*WHAT YOU NEED TO DO:*
The output must start at the line containing "Stor emaliet kopp med lokk" in the records below and stop at the last line, matching each line exactly and leaving out every picture.

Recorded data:
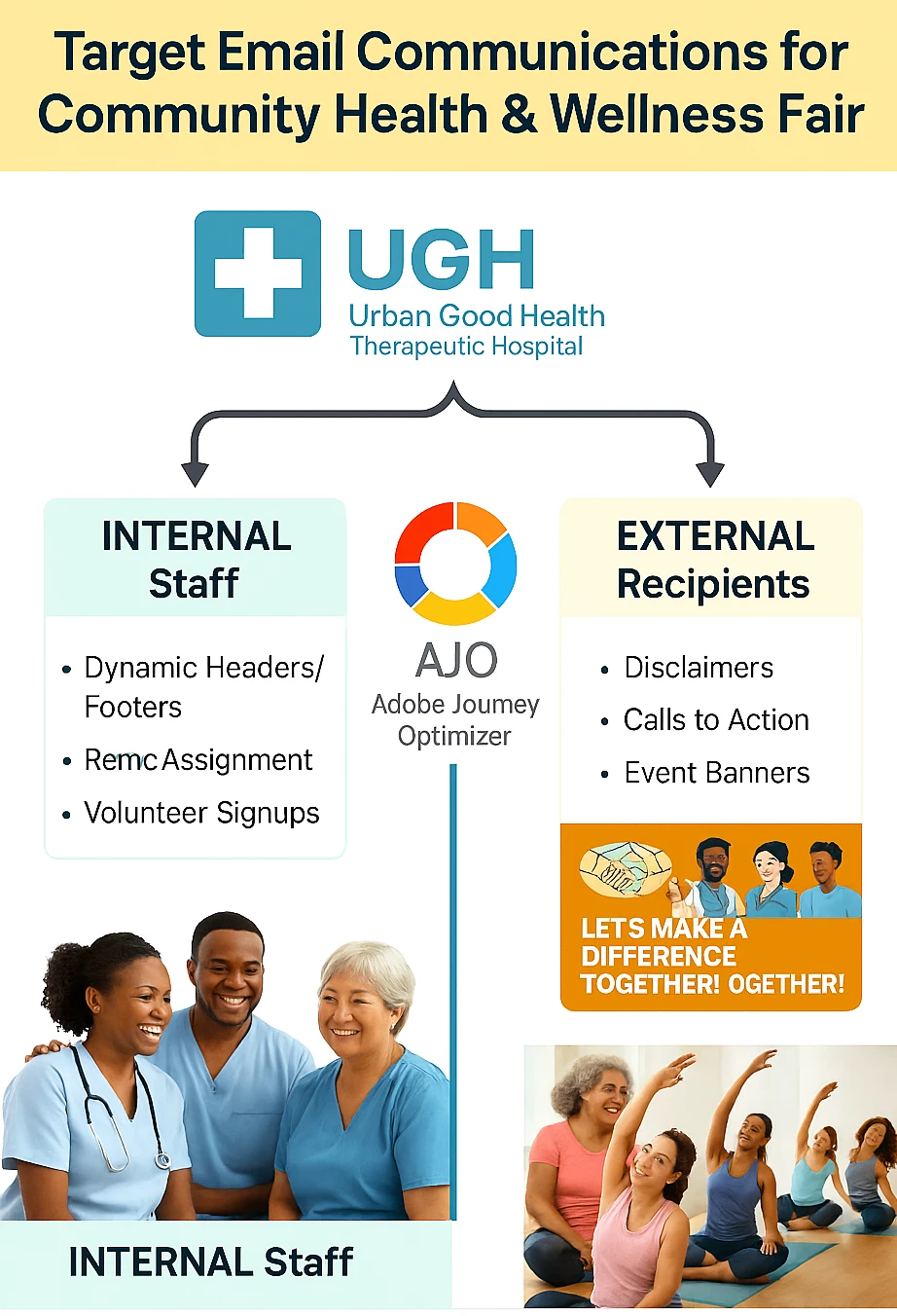 For the upcoming Community Health & Wellness Fair, UGH hospital needs to deliver targeted email communications through Adobe Journey Optimizer (AJO) for both internal staff and external community members at the same time. Internal employees require emails with dynamic header, footer, or informational blocks specific to their roles (such as booth assignments, volunteer sign-up links, and facilitation reminders), while external recipients (local residents, past patients, and partner organizations) need invitations, event details, and registration calls to action—all potentially with distinct disclaimers or event-specific banners.
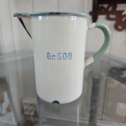Stor emaliet kopp med lokk
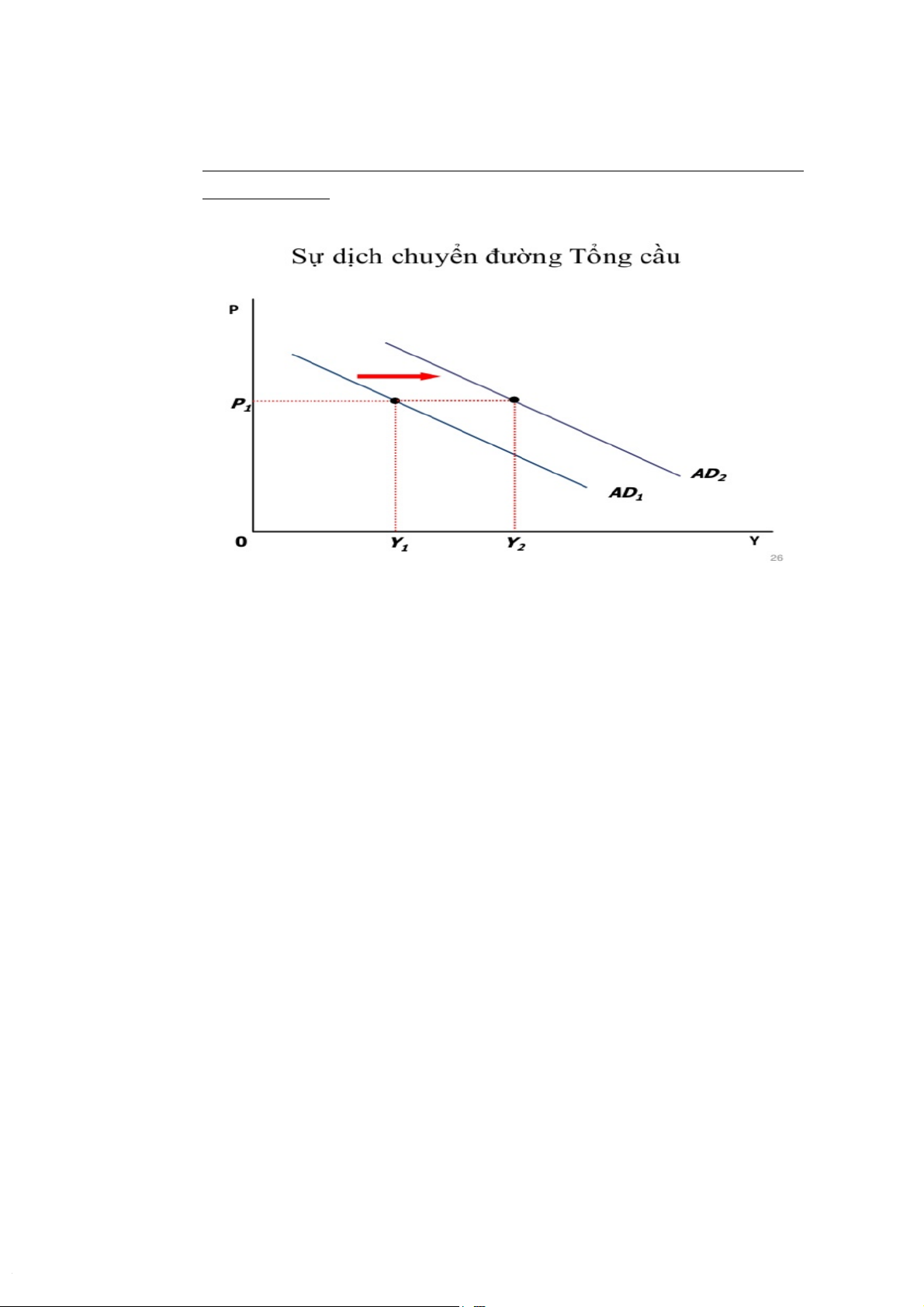 Thu nhập quốc dân Y tăng sẽ làm tổng cầu AD tăng, đường tổng cầu dịch
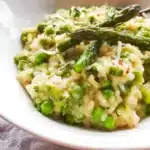 A creamy risotto featuring fresh asparagus and sweet peas, perfect for a comforting meal any time of year.
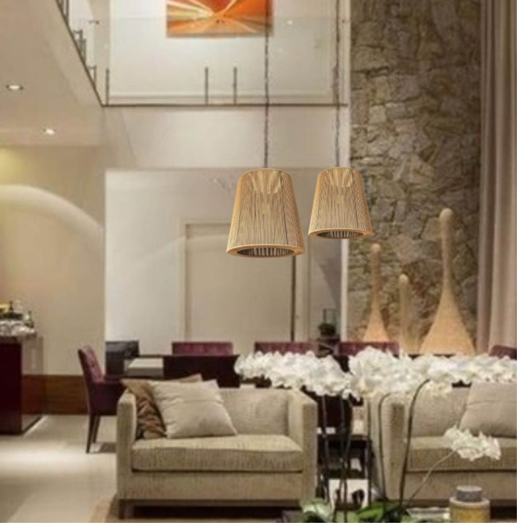 • Versatilidade na Decoração: Com seu estilo versátil, esta luminária pendente se adapta a diversos ambientes, desde salas de estar e quartos com decoração contemporânea até espaços mais rústicos. Personalize seu espaço com elegância natural.
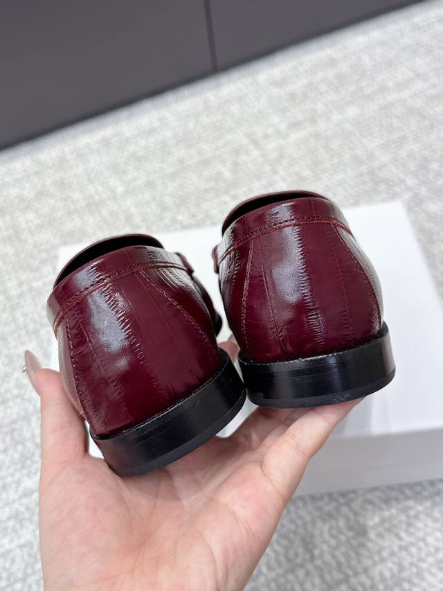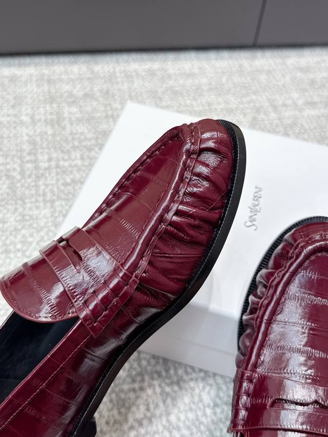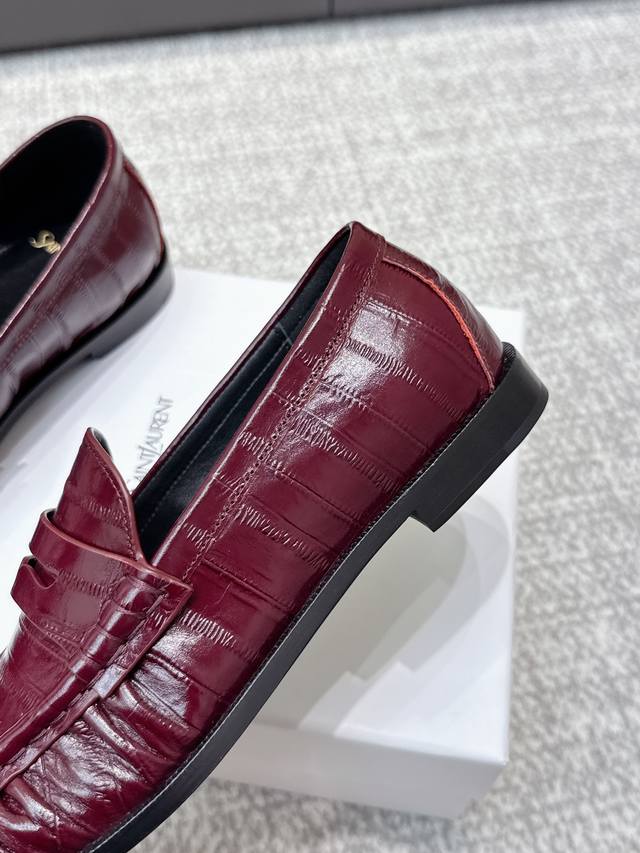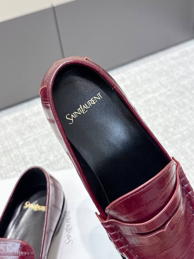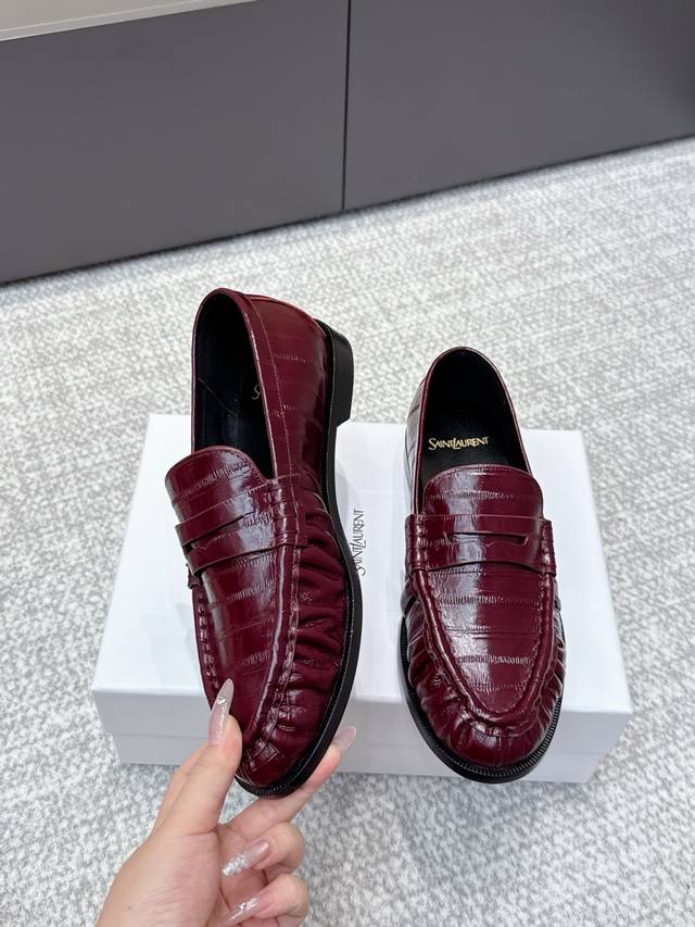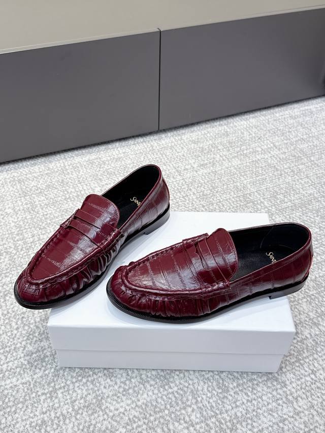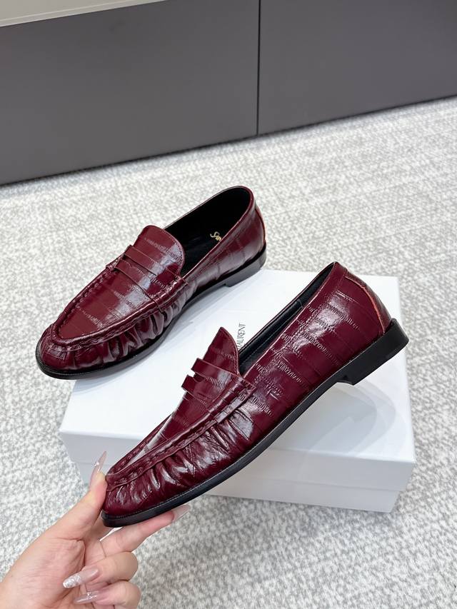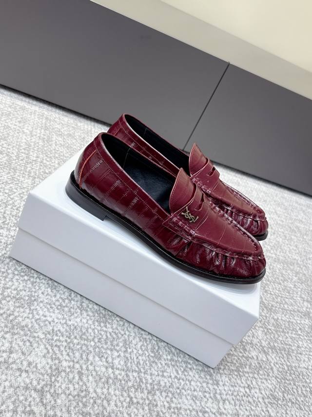 代购级 Yves Saint Laurent 25Ss新品Ysl小Logo乐福鞋 标志性的小Logo是这双鞋的灵魂所在 以低调而精致的姿态呈现于鞋身之上。 不同于张扬的大标识 它安静却醒目 用简洁线条勾勒出Ysl独有的时尚Dna 在不经意间透露出品牌的深厚底蕴 鞋头的经典杏仁形设计 巧妙修饰脚型 在视觉上拉长足部线条 彰显优雅与秀气 。 无论是搭配简约阔腿裤 还是俏皮小短裙 都能轻松驾驭 展现不同风格魅力 成为造型中的点睛之笔。 面料:采用原版定制皮料 内里:垫脚均为羊皮 鞋底:意大利进口真皮大底 Siz

*ANSWER:*
Stor emaliet kopp med lokk
 Thu nhập quốc dân Y tăng sẽ làm tổng cầu AD tăng, đường tổng cầu dịch
 A creamy risotto featuring fresh asparagus and sweet peas, perfect for a comforting meal any time of year.
 • Versatilidade na Decoração: Com seu estilo versátil, esta luminária pendente se adapta a diversos ambientes, desde salas de estar e quartos com decoração contemporânea até espaços mais rústicos. Personalize seu espaço com elegância natural.
 代购级 Yves Saint Laurent 25Ss新品Ysl小Logo乐福鞋 标志性的小Logo是这双鞋的灵魂所在 以低调而精致的姿态呈现于鞋身之上。 不同于张扬的大标识 它安静却醒目 用简洁线条勾勒出Ysl独有的时尚Dna 在不经意间透露出品牌的深厚底蕴 鞋头的经典杏仁形设计 巧妙修饰脚型 在视觉上拉长足部线条 彰显优雅与秀气 。 无论是搭配简约阔腿裤 还是俏皮小短裙 都能轻松驾驭 展现不同风格魅力 成为造型中的点睛之笔。 面料:采用原版定制皮料 内里:垫脚均为羊皮 鞋底:意大利进口真皮大底 Siz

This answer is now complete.